November 5, 2013
Kyoto from Inside and Outside
Japan’s haiku capital vacuum packed for a Tokyo audience
By Metropolis
Originally published on metropolis.co.jp on November 2013
Kyoto is one of the most evocative place names in Japan. Just to say it is to evoke images of snow-muffled temple bells, courtly ladies walking down paths curtained by whispering bamboo or paper doors sliding open to let in the sound of cicadas. Yes, Kyoto is one giant “haiku factory,” producing thousands of poetic images to match every season. Unfortunately, it is located at the wrong end of Japan, far away from Tokyo.
But never fear, the latest exhibition at the Tokyo National Museum is designed to obviate that inconvenience with an exhibition designed to bring a taste of Kyoto to the capital that succeeded it.
“Kyoto Inside and Out” has two sides. One focuses on Kyoto the city, as depicted on gold-leaf-covered folding screens. These cover several panels and show a range of details, from the surrounding mountains to the rooftops, beggars, merchants and people playing various games and sports in walled gardens. These were obviously the Google Street View of their day.

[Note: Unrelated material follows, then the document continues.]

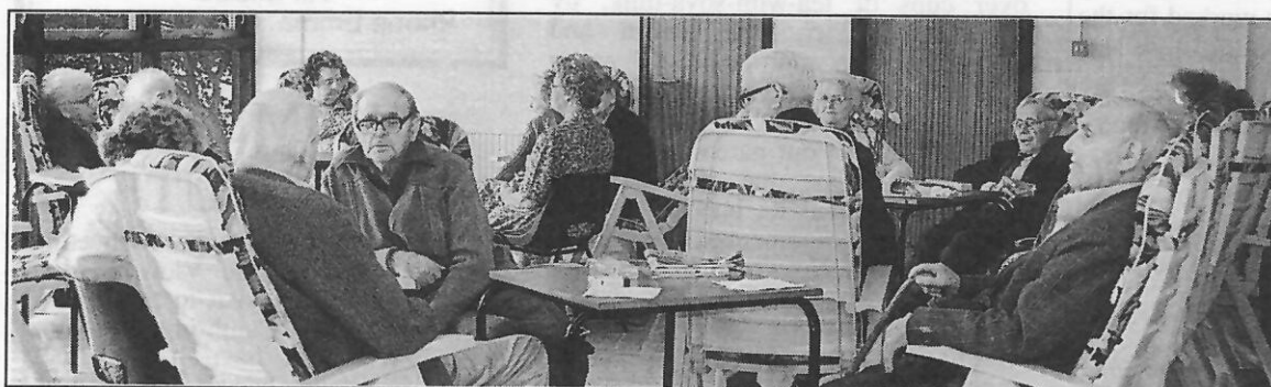
Day Centre members relaxing after lunch

To get the best out of these works, you have to get in close and let your eye go for a wander amongst the detail. Not as easy as it sounds: the exhibition is aimed at the soft spot of the Japanese exhibition-visiting public and attendance is high.
Alternatively, you can take a step back and view the works from a distance as semi-abstract works. In Scenes in and Around Kyoto, Uesugi Version (16th century) by Kano Eitoku, the aesthetic interest is really on the golden clouds that snake through the city, separating it into hundreds of small visual vignettes.
From folding screens depicting the city as it might be seen from above, we move indoors to works painted on sliding doors and wall panels. These come from some of the famous buildings of the city, such as Kyoto Imperial Palace, Nijo Castle and the Ninomaru Palace. One of the most impressive works is Pine and Eagle (1626) by Kano Tan’yu, from the grand hall of Ninomaru Palace, a suitably regal work for a building that was used by the shoguns when they were in town.
One of the most interesting facts to emerge is how many of the painters belonged to the Kano family, who seem to have held something of a monopoly over the higher echelons of the art world for several centuries. A few years ago there was even an exhibition that looked at how the Kano family sidelined a famous rival, Tohaku Hasegawa. It seems their dominance wasn’t just down to the genetic talent passed down from generation to generation, but also relied on a bit of skulduggery.
But these works are not just about artistic talent. They are also about the beautiful way in which traditional Japanese art ages. It is this, even more than the paintings that exudes the atmosphere of Old Kyoto.
In Pheasant Under Cherry Blossoms (1626) by yet another Kano (Naonobu), the slightly fading and flaking quality of the gold leaf seems to echo the falling of the petals, creating yet another little mental haiku.